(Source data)
○ ○ ○ ○
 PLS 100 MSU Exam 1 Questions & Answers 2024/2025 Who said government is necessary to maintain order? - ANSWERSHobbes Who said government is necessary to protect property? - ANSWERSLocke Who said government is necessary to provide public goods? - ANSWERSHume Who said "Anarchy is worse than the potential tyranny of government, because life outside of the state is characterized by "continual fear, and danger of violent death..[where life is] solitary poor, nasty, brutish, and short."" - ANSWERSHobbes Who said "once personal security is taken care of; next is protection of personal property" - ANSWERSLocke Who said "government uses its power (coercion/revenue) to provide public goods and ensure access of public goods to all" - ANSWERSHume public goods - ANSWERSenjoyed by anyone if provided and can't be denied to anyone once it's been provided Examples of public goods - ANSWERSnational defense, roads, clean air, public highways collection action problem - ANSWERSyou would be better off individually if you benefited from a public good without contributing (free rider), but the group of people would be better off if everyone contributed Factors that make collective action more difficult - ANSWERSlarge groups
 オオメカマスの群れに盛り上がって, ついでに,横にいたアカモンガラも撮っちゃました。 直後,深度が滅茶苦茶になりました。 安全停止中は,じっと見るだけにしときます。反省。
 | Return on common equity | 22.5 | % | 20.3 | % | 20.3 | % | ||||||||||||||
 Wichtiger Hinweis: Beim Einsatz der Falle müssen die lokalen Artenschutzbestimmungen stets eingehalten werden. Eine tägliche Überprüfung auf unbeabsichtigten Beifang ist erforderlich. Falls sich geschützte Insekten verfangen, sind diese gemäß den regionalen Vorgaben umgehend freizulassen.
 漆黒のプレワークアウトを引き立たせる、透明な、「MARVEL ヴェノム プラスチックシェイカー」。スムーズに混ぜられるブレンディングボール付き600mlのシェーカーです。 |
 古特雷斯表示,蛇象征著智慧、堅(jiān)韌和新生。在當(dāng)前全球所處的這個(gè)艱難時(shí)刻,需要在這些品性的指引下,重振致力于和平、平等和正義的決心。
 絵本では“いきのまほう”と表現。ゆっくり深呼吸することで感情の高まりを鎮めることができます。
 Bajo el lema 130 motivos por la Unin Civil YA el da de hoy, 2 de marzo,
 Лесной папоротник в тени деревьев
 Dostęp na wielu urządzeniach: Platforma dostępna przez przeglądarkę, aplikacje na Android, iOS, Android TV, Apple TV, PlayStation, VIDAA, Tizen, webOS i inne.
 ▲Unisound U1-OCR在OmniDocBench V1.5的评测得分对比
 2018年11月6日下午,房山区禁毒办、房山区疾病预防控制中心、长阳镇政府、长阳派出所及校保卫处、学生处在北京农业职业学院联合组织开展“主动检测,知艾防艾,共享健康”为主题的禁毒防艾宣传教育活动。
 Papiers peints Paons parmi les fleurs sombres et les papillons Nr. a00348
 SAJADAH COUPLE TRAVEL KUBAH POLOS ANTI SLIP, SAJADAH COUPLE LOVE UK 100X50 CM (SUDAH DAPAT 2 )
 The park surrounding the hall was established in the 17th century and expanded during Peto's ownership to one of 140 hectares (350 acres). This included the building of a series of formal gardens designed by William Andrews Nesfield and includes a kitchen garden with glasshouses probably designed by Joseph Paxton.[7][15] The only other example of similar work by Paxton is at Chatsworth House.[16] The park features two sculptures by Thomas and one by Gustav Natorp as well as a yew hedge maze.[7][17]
○ ○ ○ ○
### Exercise goal
Write down exactly the span of lines above from the one containing "古特雷斯表示,蛇象征著智慧、" to the one containing "Лесной папоротник в тени деревьев", both ends included.

### The completed task
 古特雷斯表示,蛇象征著智慧、堅(jiān)韌和新生。在當(dāng)前全球所處的這個(gè)艱難時(shí)刻,需要在這些品性的指引下,重振致力于和平、平等和正義的決心。
 絵本では“いきのまほう”と表現。ゆっくり深呼吸することで感情の高まりを鎮めることができます。
 Bajo el lema 130 motivos por la Unin Civil YA el da de hoy, 2 de marzo,
 Лесной папоротник в тени деревьев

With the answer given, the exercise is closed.